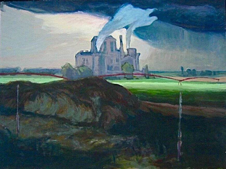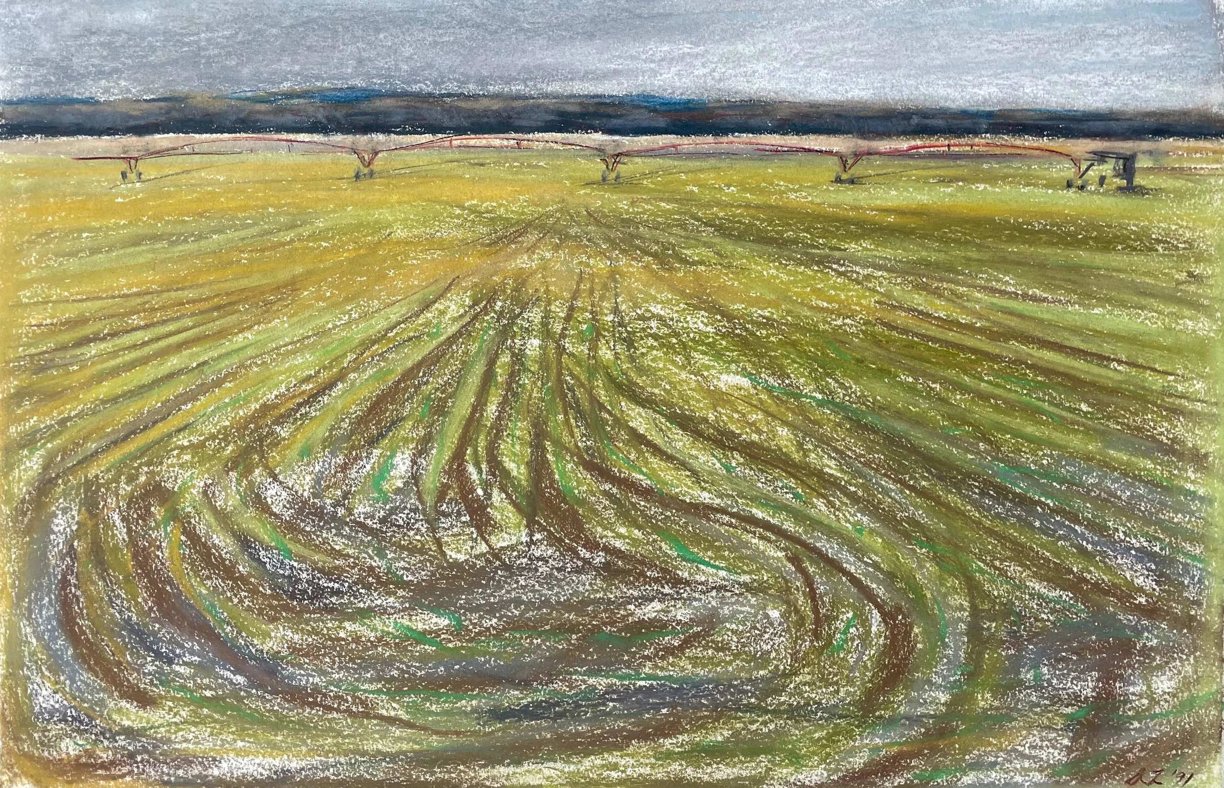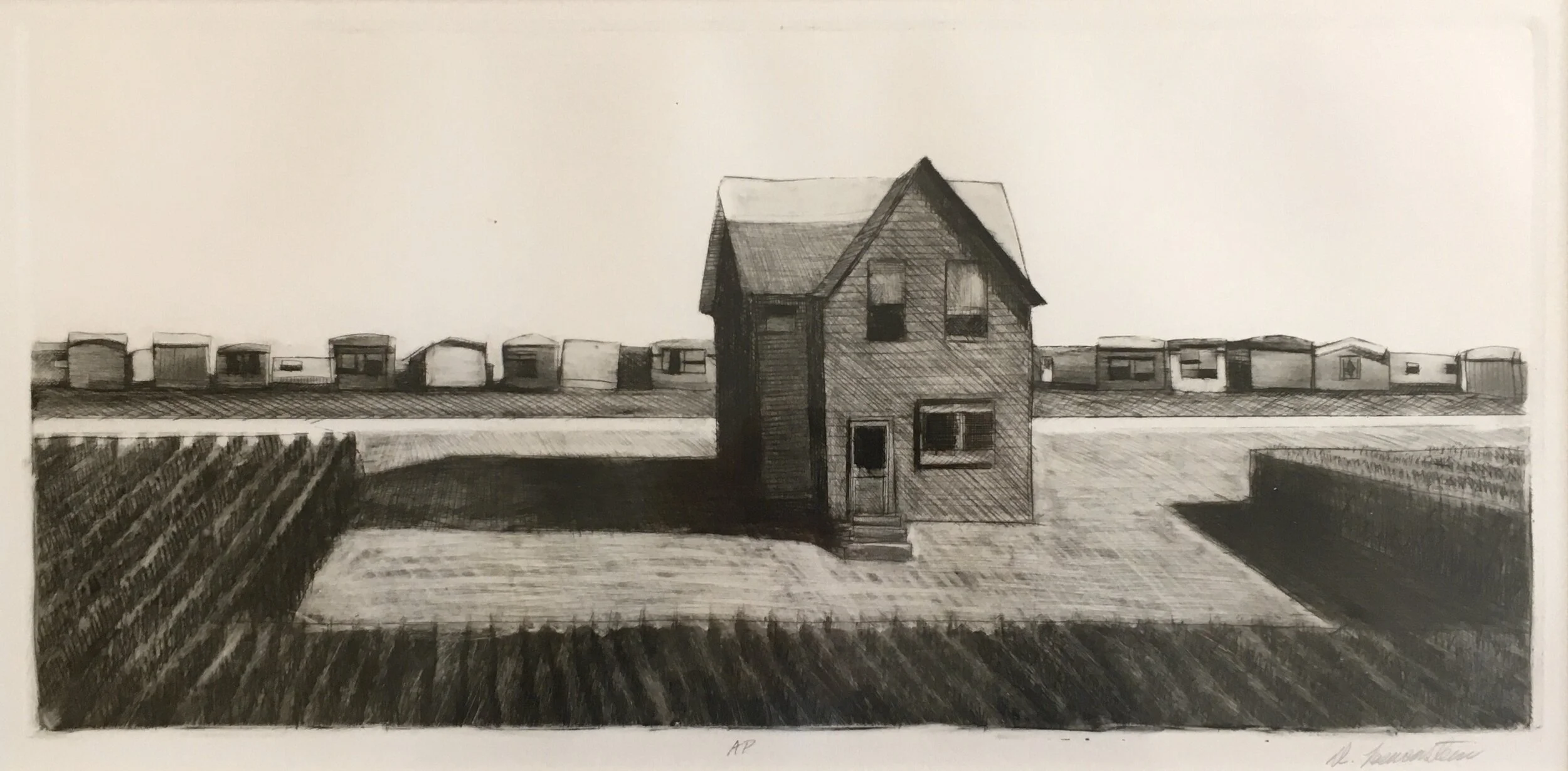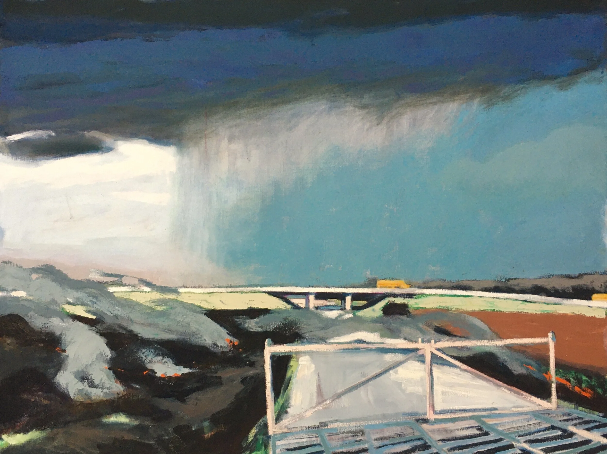Before I made murals and posters, back when I was searching for a way to be an artist in the world, I made landscapes. Initially they were all from life, later they came as much from my imagination as they did actual places. Inspired by mentors Bobbie Mckibbin and Al Pounders, and later influenced by darker visions of the family farm crisis, I found a way to connect with places I had never known growing up on the north side of Chicago. This work began in 1988 and continued through graduate school, first at Purdue and then, after a life changing apprenticeship at Rose Valley Farm near Rochester, NY, at the University of Kansas until 1992.
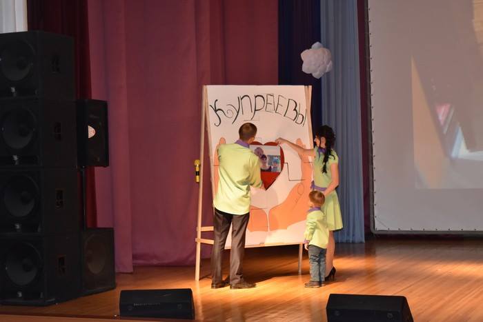 − фестиваль молодых семей с таким названием прошел сегодня в ДК "Юность", организованный отделом по физкультуре, спорту и молодежной политике совместно с ДК "Юность". Заявить себе, своих интересах, традициях, хобби решились пять семей. На конкурсную сцену вышли Дмитрий, Ирина и сын Сергей Купреевы; Алексей, Ирина и их дети: Руслан, София, Иван Лунины; Евгений, Анастасия, дочь Варвара Кузнецовы; Виктор, Любовь, сын Егор Полетаевы; Анастасия, Павел, дети − Андрей и Анжела Бранчуковы.
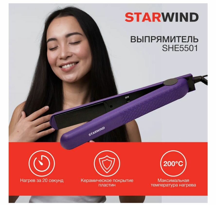 Выпрямитель SHE5501 25Вт фиолет. (макс.темп. 200С) | код 1115496 | STARWIND (1 шт.)

▶ _Aim of the task_:
Going from the line that holds "и Анжела Бранчуковы." to the end of the listing above, copy each line exactly and nothing more, leaving pictures aside.

▶ _Exercise answer_:
 − фестиваль молодых семей с таким названием прошел сегодня в ДК "Юность", организованный отделом по физкультуре, спорту и молодежной политике совместно с ДК "Юность". Заявить себе, своих интересах, традициях, хобби решились пять семей. На конкурсную сцену вышли Дмитрий, Ирина и сын Сергей Купреевы; Алексей, Ирина и их дети: Руслан, София, Иван Лунины; Евгений, Анастасия, дочь Варвара Кузнецовы; Виктор, Любовь, сын Егор Полетаевы; Анастасия, Павел, дети − Андрей и Анжела Бранчуковы.
 Выпрямитель SHE5501 25Вт фиолет. (макс.темп. 200С) | код 1115496 | STARWIND (1 шт.)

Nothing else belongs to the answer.